The EBS annually publishes the incidence and detailed
provisions of selected employee benefit plans. The
locality wage survey publishes occupational wages for
a sample of localities, census divisions, and for the
nation as a whole. In addition to the continued
publication of these surveys products, new products
linking benefit costs and provisions will be published as
part of the NCS. All state and local governments and
private sector industries, except for farms and private
households, are covered in the survey. All employees
are covered except the self-employed.
The Longitudinal Database (LDB) serves as the
sampling frame for the NCS survey and was used as the
administrative data for this study. The LDB is created
from State Unemployment Insurance (UI) files of
establishments, which are obtained through the
cooperation of the individual state agencies.
The integrated NCS sample consists of five rotating
replacement sample panels.
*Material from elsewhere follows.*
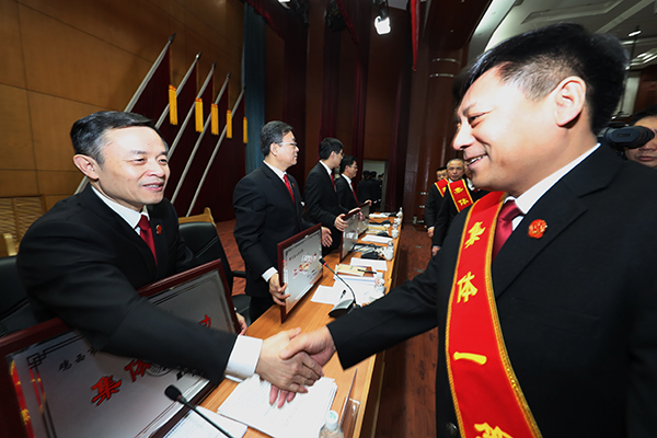荣立集体二等功的中级法院和全省先进中级法院代表领奖。朱丹钰 摄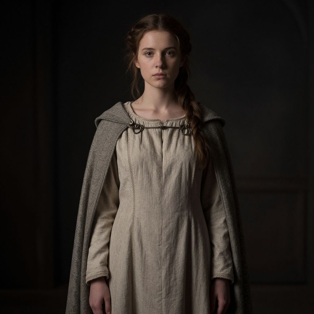 Photograph of a young Caucasian woman with fair skin and brown hair in a simple braid, standing against a dark, almost black background. She wears a long, beige, linen dress with a square neckline and long sleeves, topped with a grey, woolen cloak fastened with black buttons. Her expression is serious and slightly melancholic. The lighting is soft, highlighting her face and upper body, creating subtle shadows that add depth to the image. The overall style is reminiscent of medieval or historical fashion.

Each of the five sample
panels will be in sample for five years before being
replaced by a new panel selected annually from the most
current frame. The NCS sample is selected using a
three-stage stratified design with probability
proportionate to employment sampling at each stage.
The first stage of sample selection is a probability
sample of areas; the second stage is a probability
sample of establishments within sampled areas; and the
third stage is a probability sample of occupations within
sampled areas and establishments.
Currently the NCS sample consists of 152 areas
based on the Office of Management and Budget (OMB)
1994 area definitions. In 2003 OMB released a new set
of area definitions. The new area definitions define a set
of Core Based Statistical Areas (CBSA) and designate
the remaining geographical areas as outside CBSA
counties. The outside CBSA areas for NCS sampling
purposes are usually clusters of adjacent counties, not
single counties. The NCS has selected a new sample of
areas using the 2003 OMB definitions which will replace
the current set of primary sampling units (PSUs) over
the next few years. A more detailed description of the
NCS sample design is available from the BLS website:
www.bls.gov/opub/hom/pdf/homch8.pdf.
The NCS locality wage program collects wage data
for a sample of occupations within sampled
establishments. During the initial interview or update
interview some sample establishments refuse to provide
or are unable to provide wage data. This results in
establishment or unit non-response. Ignoring the
establishment non-response could result in substantial
bias in estimates and incorrect variance estimates.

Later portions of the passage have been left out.